Cunha B A, Quintiliani R, Deglin J M, Izard M W, Nightingale C H
Rev Infect Dis. 1981 Nov-Dec;3 suppl:S269-72.
After a single 1-g intravenous dose of vancomycin, the mean peak concentration in the serum of 29 anephric patients was 48.3 micrograms/ml. An initial rapid decline to 15 micrograms/ml within 3-5 hr was followed by slow elimination, with 3.5 micrograms/ml present after 18 days. Intermittent dialysis had no appreciable effect on drug levels in serum. The biphasic decline in serum concentrations of vancomycin indicates at least two-compartment pharmacokinetics in both anephric and normal patients. In anephric patients the elimination half-life was 7.5 days and the elimination rate constant was 0.32; these values were 8 hr and 10.25, respectively, in normal patients. On the basis of these results, the vancomycin regimen recommended for anephric patients is an initial 1-g intravenous dose followed by 500 mg every eight days. With these dosages peak concentrations are 49 micrograms/ml (well below reported toxic levels) and trough concentrations are 7 micrograms/ml (well above the minimal inhibitory concentrations for susceptible pathogens causing shunt infections).

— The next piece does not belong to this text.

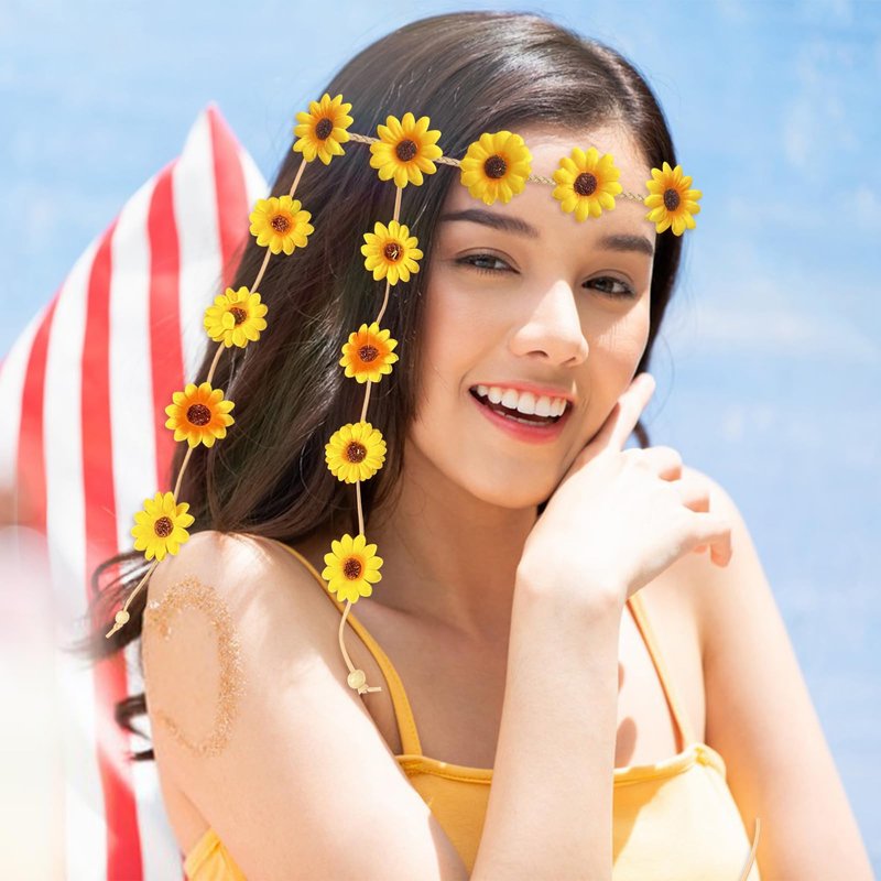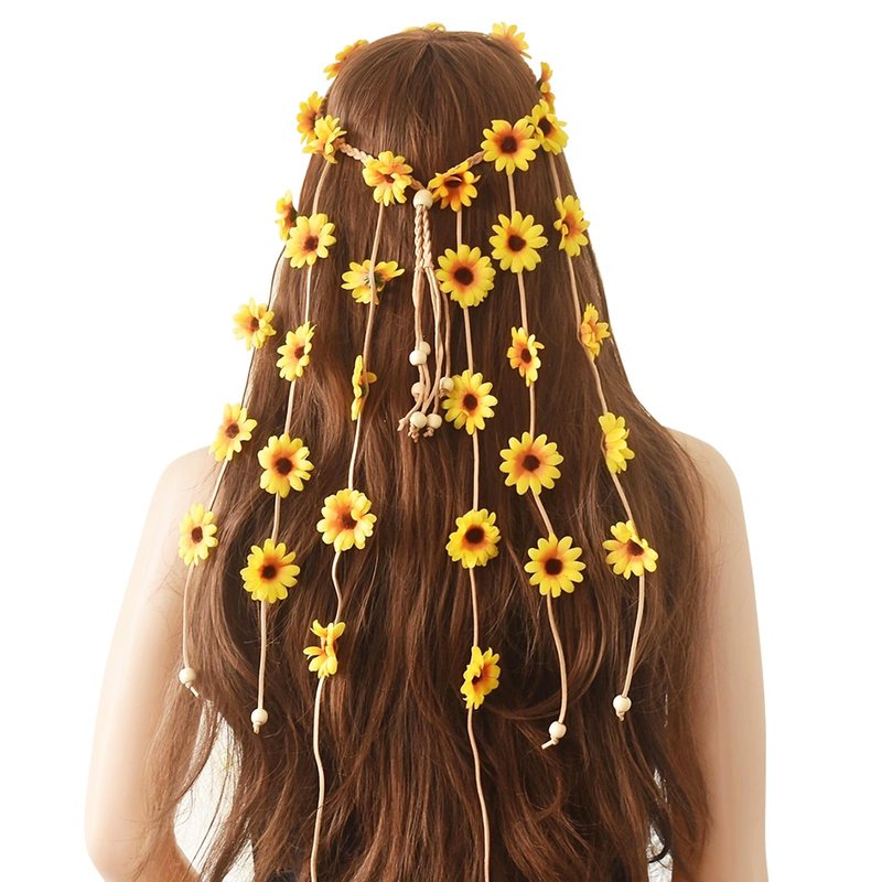 Kunyeah Flower Headband for Girl Daisy Tassel Headpiece Bohemian Hair Band Floral Bandana Party Hair Accessories for Women (Yellow)

在单次静脉注射1克万古霉素后,29名无肾患者血清中的平均峰值浓度为48.3微克/毫升。最初在3至5小时内迅速下降至15微克/毫升,随后消除缓慢,18天后仍有3.5微克/毫升。间歇性透析对血清中的药物水平没有明显影响。万古霉素血清浓度的双相下降表明无肾患者和正常患者至少存在两室药代动力学。在无肾患者中,消除半衰期为7.5天,消除速率常数为0.32;在正常患者中,这些值分别为8小时和10.25。基于这些结果,推荐给无肾患者的万古霉素治疗方案是初始静脉注射1克,随后每八天注射500毫克。使用这些剂量时,峰值浓度为49微克/毫升(远低于报告的中毒水平),谷浓度为7微克/毫升(远高于引起分流感染的敏感病原体的最低抑菌浓度)。